EXERCISE OBJECTIVE — Leave the pictures aside and copy all the data exactly.

GIVEN DATA —
>>>>
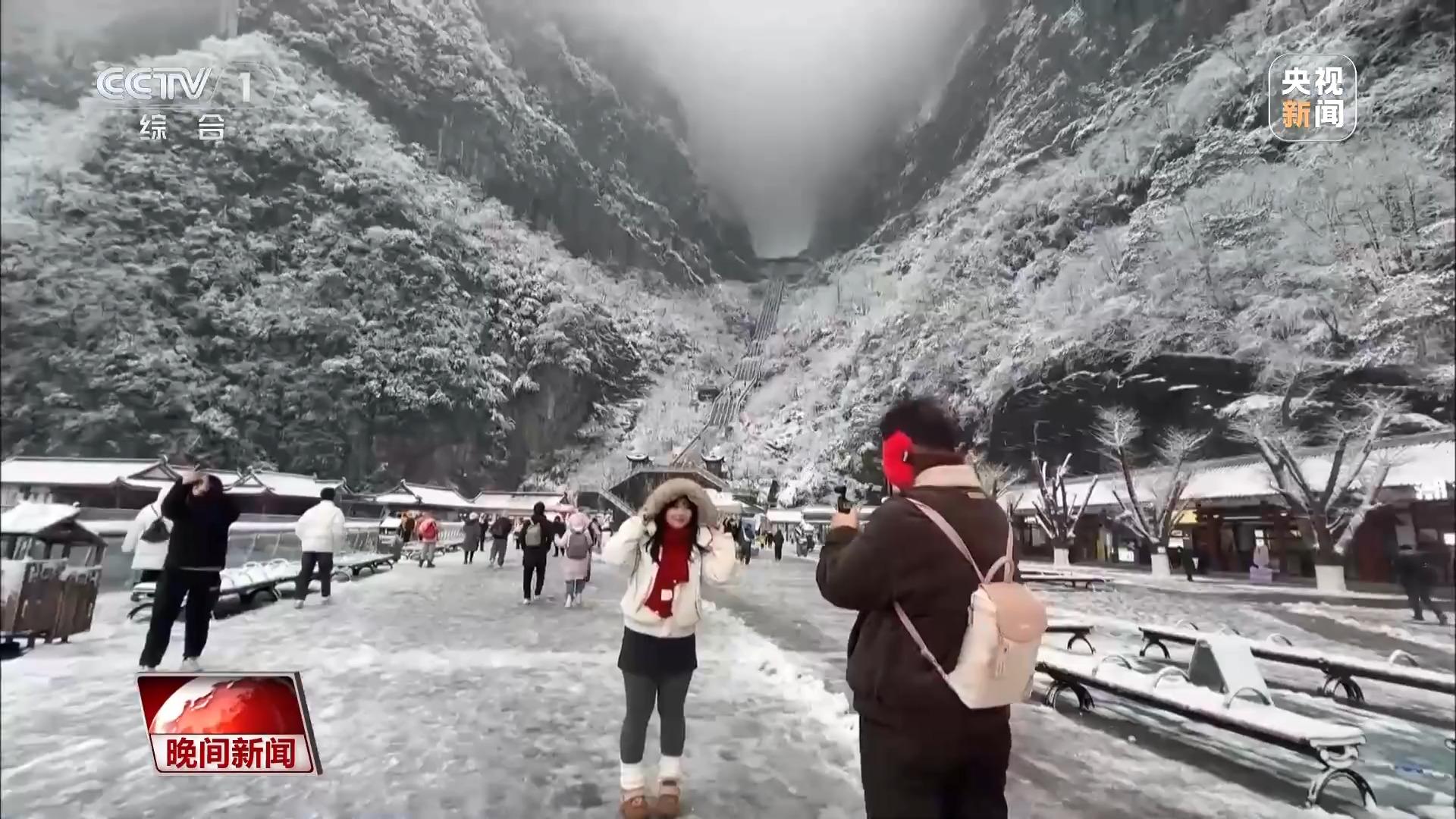 在湖南张家界天门山景区,洁白的积雪与苍翠的林木、峻峭的山峰交相辉映,构成一幅壮丽的冰雪画卷。标志性景点天门洞也被冰雪装点,巨大的天然穿山溶洞在白雪与云雾的衬托下,更显磅礴气势。
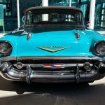 The aqua exterior finish of this Chevrolet Bel Air is nothing short of mesmerizing. It shines brilliantly under the sun, accentuating the car’s sleek lines and iconic design elements. The aqua color evokes a sense of nostalgia, reminiscent of a bygone era when cars were built with character and style.
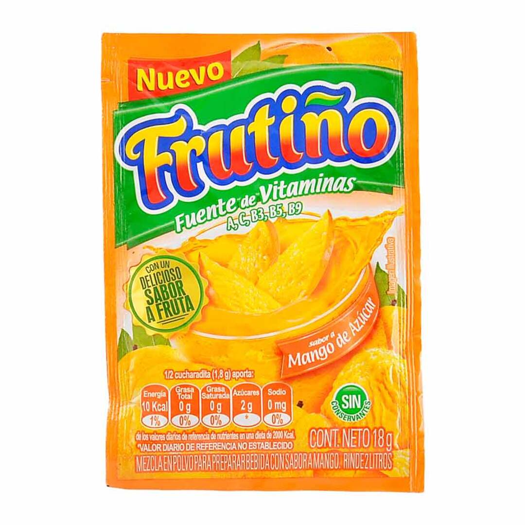 Bebida en polvo con sabor artificial a mango con vitaminas A, C, B3, B5, B9.
<<<<
EXPECTED ANSWER —
 在湖南张家界天门山景区,洁白的积雪与苍翠的林木、峻峭的山峰交相辉映,构成一幅壮丽的冰雪画卷。标志性景点天门洞也被冰雪装点,巨大的天然穿山溶洞在白雪与云雾的衬托下,更显磅礴气势。
 The aqua exterior finish of this Chevrolet Bel Air is nothing short of mesmerizing. It shines brilliantly under the sun, accentuating the car’s sleek lines and iconic design elements. The aqua color evokes a sense of nostalgia, reminiscent of a bygone era when cars were built with character and style.
 Bebida en polvo con sabor artificial a mango con vitaminas A, C, B3, B5, B9.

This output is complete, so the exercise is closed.